Figure 3.5. IR-based scalars Illite (ISM) and Chlorite (CSM) spectral maturity vs. depth, EM 13-71. Black squares show intervals that were IR scanned. Fit curves obtained using LOESS (local polynomial regression) in the R statistics software (Core Team, 2016).
Chlorite Spectral Maturity (CSM) is similar in functionality to the illite-based ISM series
(Doublier, et al., 2012). For the chlorite series, the CSM is defined as a function of the weighted sum of normalized absorption at the Mg-OH and Fe-OH peaks (varies with the degree of crystallinity) vs H2O (varies with the degree of mineral dewatering). Although less continuous,
30
CSM shows the same trend of increasing dewatering, thermal maturity and crystallinity with depth. There is a reversal of that trend several hundred feet above the detachment, and notably immature values in zones below the detachment (Figure 3.5). Insufficient chlorite was present above 1350 ft. depth to allow determination of CSM in the topmost part of the core.
3.4 POTENTIAL RECENT ALTERATION ZONES
A major goal of this study was to identify potential zones of recent fluid flow to understand the nature of the convective circulation that must be causing high subsurface temperatures in this prospect area. The limited zones of marked low-maturity ISM and CSM values near and below the detachment are likely candidates for such “tracks” of lower temperature, presumably amagmatic geothermal circulation.

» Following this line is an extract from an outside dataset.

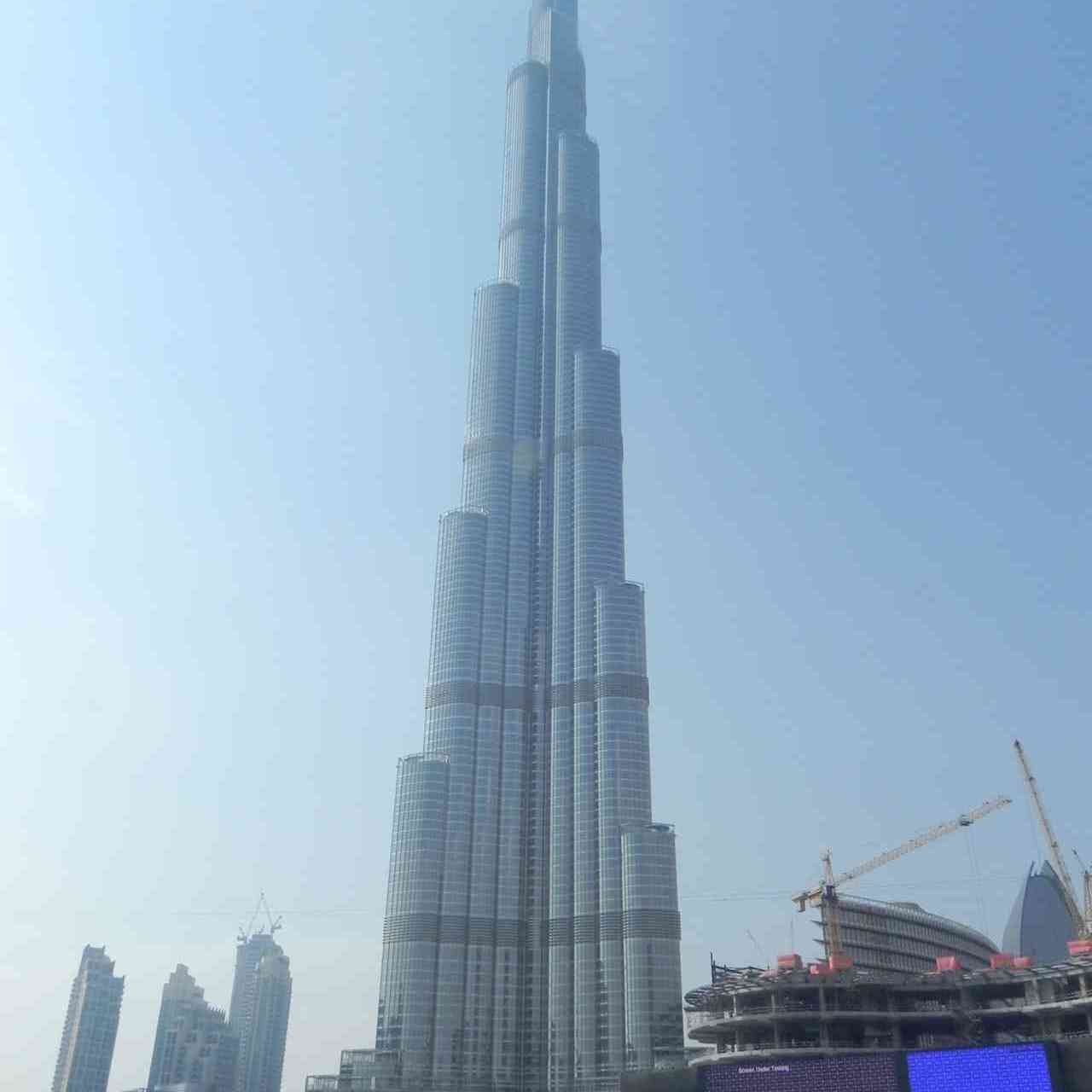 So gehen in der Mall spazieren und suchen nebenbei das Asia Restaurant das wir schon Zuhause für unser heutiges Abendessen ausgesucht haben. Danach gehen wir nochmals nach draußen um in der warmen Nachmittagssonne auch die Schönheit dieser herrlichen und einmaligen Stadtlandschaft zu genießen. Gegen 16:30 suchen wir dann den Eingang zum Fahrstuhl der uns auf den Burj Khalifa bringen soll, und finden ihn bei der Geschäftsstelle At the Top im Untergeschoss der Dubai-Mall. Zusammen mit vielen anderen Touristen fahren wir mit dem Fahrstuhl in rasanter Geschwindigkeit (55sec) nach oben. Im der 124. Etage (450 Meter) befindet sich eine offene Außen-terrasse sowie ein vollverglastes Stockwerk beide mit mit tollem Blick nach außen und nach unten und über die Wolkenkratzer von Dubai. Es mag ja viele hohe Häuser auf der Welt geben, aber dieser bizarre Baustil wie hier ist außer vielleicht in Shanghai wohl einmalig.

An example 75 to 100 feet above the detachment indicates these immature ISM zones are associated with low-temperature mineral assemblages (smectite/montmorillonite and iron oxides). Somewhat distinctive occurrences of beidellite (an expansive smectite) are within a few feet of several of these low-maturity spikes, but in general, the spikes are not equivalent to unique occurrences of low-temperature mineral assemblages. Furthermore, these apparent zones of enhanced low-temperature alteration do not occur in visually remarkable portions of the core (e.g. left side, Figure 3.6).
The infrared scalars appear to be the most precise indication of the relative temperature of alteration and trends, while mineral assemblages give a much more muddled indication in this core.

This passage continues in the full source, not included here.